Average Training Time for Different OMP Task Schedules
We can see from this graph that there was a significant decrease in total training time when we parallelized over the trees with a simple #pragma omp parallel for. As we have discussed before, this is because the individual decision trees in a random forest are completely independent and therefore easily parallelizable during training. The different schedules did provide some more speedup with the guided schedule producing the best results, with an average of 0.403 seconds over the 5 trials. In general, we may see that the static schedule did slightly worse than the dynamic and guided schedules because the computational complexity of training each decision tree may be highly variable depending on the splits that are chosen. As a result, having a static assignment of threads to work may not be the most optimal way to assign work to the threads. With the dynamic schedule, threads will be assigned to the next tree that is ready to be trained which allows for more flexibility despite the larger cost for scheduling work. The guided schedule, which is somewhat similar to the dynamic schedule except that the size of the chunk is proportional to the number of unassigned iterations and therefore as computation continues, the size of the chunk will decrease. This scheduling type works best when iterations are poorly balanced with respect to the amount of computational cost because the larger chunks reduce overhead of scheduling at the start and the smaller chunks fill the schedule towards the end of the computation and improve load balancing. Therefore in random forest, where iterations are quite variable, this scheduling method would be expected to perform slightly better, as we saw in this experiment.

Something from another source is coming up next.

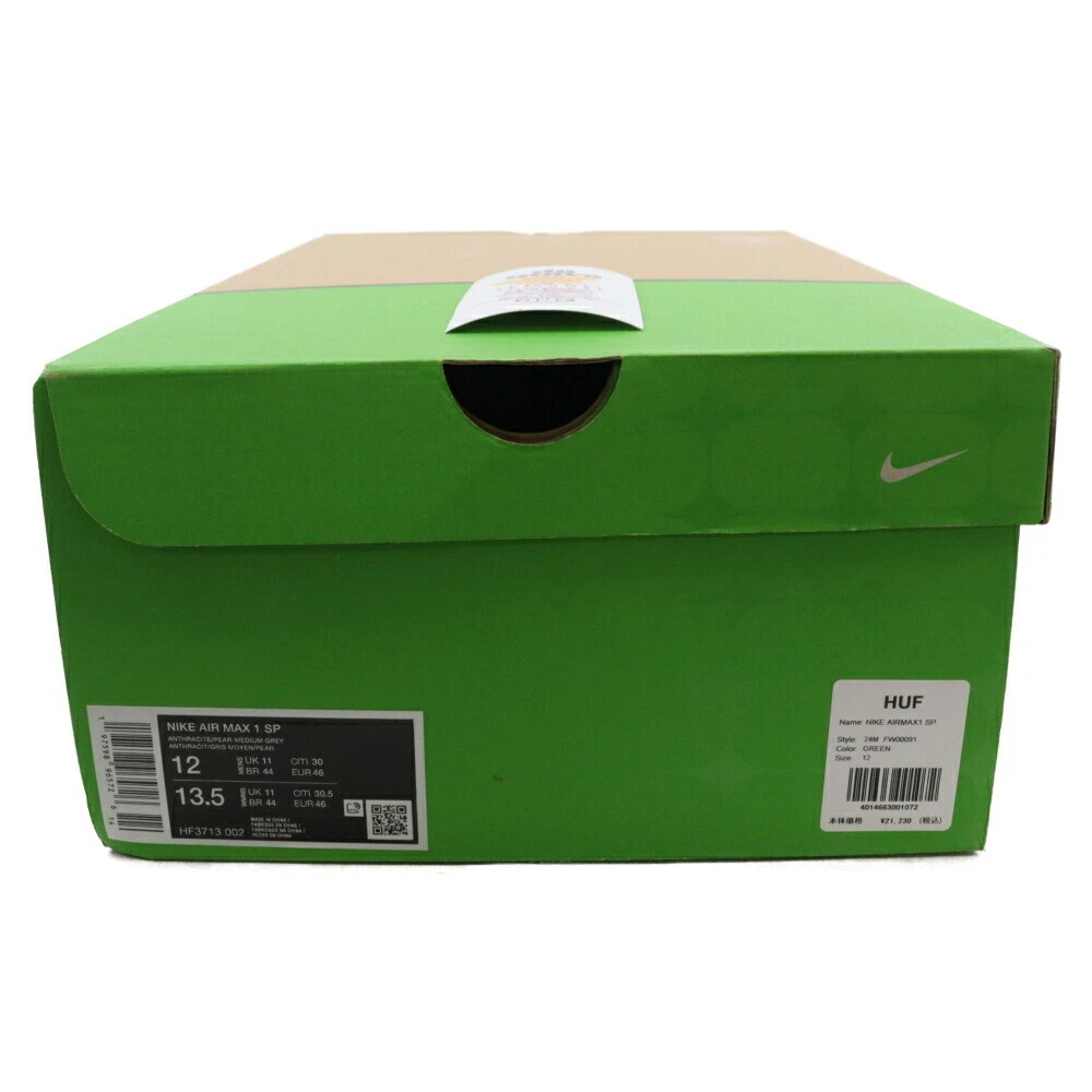 Item Title Nike Size Huf Air Max 1 Anthracite/Pear Huff Anthracite Pair Low Cut Payment Supports managed payments Please pay within 5 days after auction is finished. About Us We are located in Japan. It's our pleasure to make you happy by proposing our recommend item. If you have any questions or request about items, please feel free to ask us. International Buyers - Please Note: -Import duties, taxes, and charges are not included in the item price or shipping charges. These charges are the buyer's responsibility. -Please check with your country's customs office to determine what these additional costs will be prior to bidding/buying. -These charges are normally collected by the delivering freight (shipping) company or when you pick the item up - do not confuse them for additional shipping charges. -We do not mark merchandise values below value or mark items as - gifts - The US and International government regulations prohibit such behavior. Thank you for your understanding.

Experiment 2: Impact of Number of Splits per Feature on Training Time
In the following few experiments, we looked at the impact of the constant NUM_SPLITS_PER_FEATURE on other values. The experimental setup was the same: 10 decision trees with a max depth of 5. This experiment was run given the results from the previous. Therefore, we are currently implementing forest-level parallelism for all trial runs using a guided schedule. In this experiment, we looked at the impact of the number of splits per feature on the accuracy and average training time of the random forest algorithm. The results are in the two plots below.

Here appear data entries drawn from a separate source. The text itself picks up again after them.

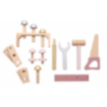 Rosa verktygslåda med tillhörande verktyg i trä som passar perfekt som present till barnet som älskar att bygga och snickra. Denna leksak innebär stimulerande och kreativ lek samtidigt som barnen lär sig färg och form. Verktygslådan är ca 23 x 12 x 16 cm stor.
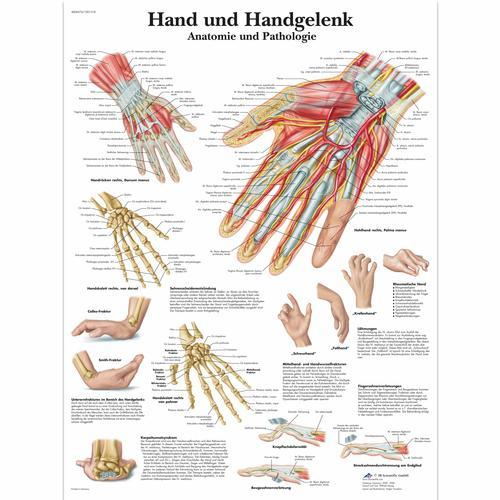 This anatomical chart depicts the anatomy and pathology of the hand and wrist in bright colors. The poster presents the wrist in anatomical detail while reviewing some pathologies that can affect the area. This thickly laminated anatomical chart is printed on premium glossy (200 g) UV resistant paper and comes with 2 sided lamination (75 micron). It comes in a convenient poster size 50 x 67 cm (20 x 26") and can be written on and wiped off with non permanent markers. The 75 micron lamination ensures the chart does not curl up at the edges and the UV treatment ensures the chart does not get a faded yellow color over time. Language: German
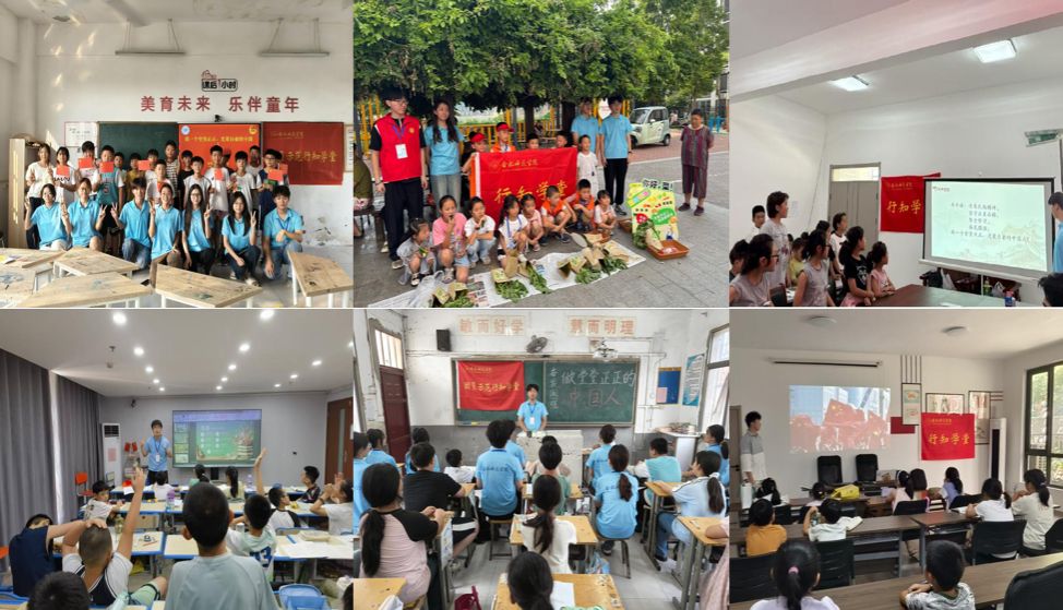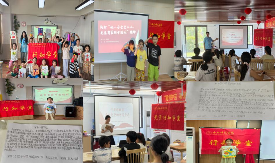 宣州朱桥行知学堂、颍阳行知学堂、涡阳刘竹行知学堂通过学堂广播播放英雄事迹、宣传栏展示中国发展成就等形式,用一个个生动鲜活的案例、一幅幅震撼人心的画面,展现祖国辉煌成就,增强了学员民族自豪感和自信心。“我看到爱国主义的种子正在幼小心灵中生根发芽”经济与管理学院2023级人力资源管理专业陈孝来动情地说道。小学员储子茗:“我问老师‘为什么以前要凭粮票买东西’,通过老师的讲解,我仿佛坐上了时光机,看见爷爷奶奶那辈人排队买米的场景。而现在,我的电话手表就能付款,这些变化让我知道‘幸福是奋斗出来的’不是口号,我要把学的知识讲给更多小朋友听!”
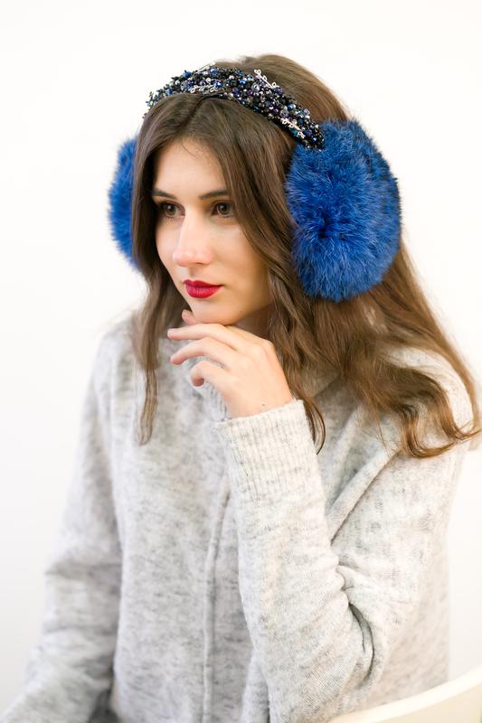Теплые меховые наушники, расшиты хрусталём, синего цвета, размер универсальный

Accuracy and Training Time vs NUM_SPLITS_PER_FEATURE
As can be seen from the plots, the average training time significantly increases as the number of splits per feature is increased. This is expected because as we increase the number of splits that are being computed per feature, this significantly increases the computational cost of training a single decision tree as we have to consider may more splits. However, we notice that the accuracy of the model does not significantly increase as we consider many more splits. This means that these large numbers of splits are not learning much more information about the dataset and therefore may not be needed. As a result, we can pick the smallest number of splits that gives us an accuracy that is acceptable. We see that from 3 splits to 10 splits, the accuracy only increases from 0.803 to 0.805. However, the average training time increases from 0.142 seconds to 0.49 seconds. Therefore, we determined that this small increase in accuracy is not worth nearly 3.5 times the training time and therefore we chose 3 to be the optimal number of splits per feature that maximizes accuracy while keeping a reasonable training time.
Thus, in the context of actually performing machine learning, if we are attempting to find a model that is both accurate and efficient, we would primarily target a model that is described above, one that is efficient by changing the amount of available parallelism and that maintains a strong performance.

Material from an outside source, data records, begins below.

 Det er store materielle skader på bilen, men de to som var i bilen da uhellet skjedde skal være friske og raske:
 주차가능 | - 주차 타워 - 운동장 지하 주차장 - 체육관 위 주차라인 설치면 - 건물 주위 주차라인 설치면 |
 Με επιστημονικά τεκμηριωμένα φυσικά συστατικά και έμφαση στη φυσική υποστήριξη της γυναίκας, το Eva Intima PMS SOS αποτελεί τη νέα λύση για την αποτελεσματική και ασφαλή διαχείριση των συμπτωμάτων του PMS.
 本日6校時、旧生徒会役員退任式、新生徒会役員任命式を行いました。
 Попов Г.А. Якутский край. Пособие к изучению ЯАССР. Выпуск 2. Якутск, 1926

Experiment 3: Number of Threads and the Impact on Training Time
Again for this experiment we are training a random forest of 10 trees, each with maximum depth 5. Our goal is to determine how the performance of training the model changes as we are increasing the number of threads on the Gates machines using forest-level parallelism. The results are shown below.
As we are increasing the number of threads, we find that the average run-time of the model decreases in a non-linear fashion. When we analyze the speedups, we find that the speedups are not exactly linear, but somewhat sub-linear, in which we are initially getting linear improvements in speedup; however, as we increase the number of threads from 4 to 8, we find that the speedup does not increase as much. This is due to the increase in computation per thread because as we increase the number of threads, there is less computation per thread while the amount of synchronization remains the same. As a result, we get that we have sub-linear improvements.
Experiment 4: Cache Analysis as we Increase Communication
As in prior experiments, we are training a random forest with 10 trees, each with a maximum depth of 5 nodes. However, in this experiment, we plan on determining the efficiency of the algorithm as we increase the number of splits (i.e. the amount of communication). The results here will imply how well the algorithm performs as we try to scale up the accuracy of the model.
Cache Misses/References and Training Time vs NUM_SPLITS_PER_FEATURE
We find that as we are increasing the number of splits that we are considering for training each decision tree, we can notice that increasing the number of splits decreases the ratio of the number of cache misses over the number of cache references. As a result, we find that if we try to create a more accurate classifier (by increasing the number of splits), the performance of our parallel algorithm will not decrease significantly due to a larger amount of computation. Instead, we simply find that the ratio of cache misses to cache references decreases and plateaus, which signifies that there will be beneficial performance for a model that is trying to be more accurate, despite the increase in computation. We can notice that doubling the number of splits leads to a less than double performance time measured in wall-clock time which shows that speedup is not worsened.
Experiment 5: OMP Parallel For Versus OMP Tasks
In this experiment, we focused on parallelization at the forest-level and the tree-level. We had two different ideas for parallelization at this level. We could either use \texttt{#pragma omp parallel for} which spawns several threads for different iterations of the for loop to parallelize computation over trees in the forest and branches in each tree. Or we could use task-based parallelism. We wanted to figure out whether there was any difference in performance between these two methods. For the experimental setup, we trained each of these methods for 5 trials with 20 decision trees in the forest and a maximum depth of 5. The average training time over the 5 trials is shown for the two different methods below. For the “parallel-for” column, both forest-level and tree-level parallelism were implemented using \texttt{#pragma omp parallel for}, thread-based parallelism. For the task-based category, iterations of the for loop over decision trees as well as the recursive calls to train the left and right branch within a decision tree were instead spawned as new tasks. The results of the experiment are shown below.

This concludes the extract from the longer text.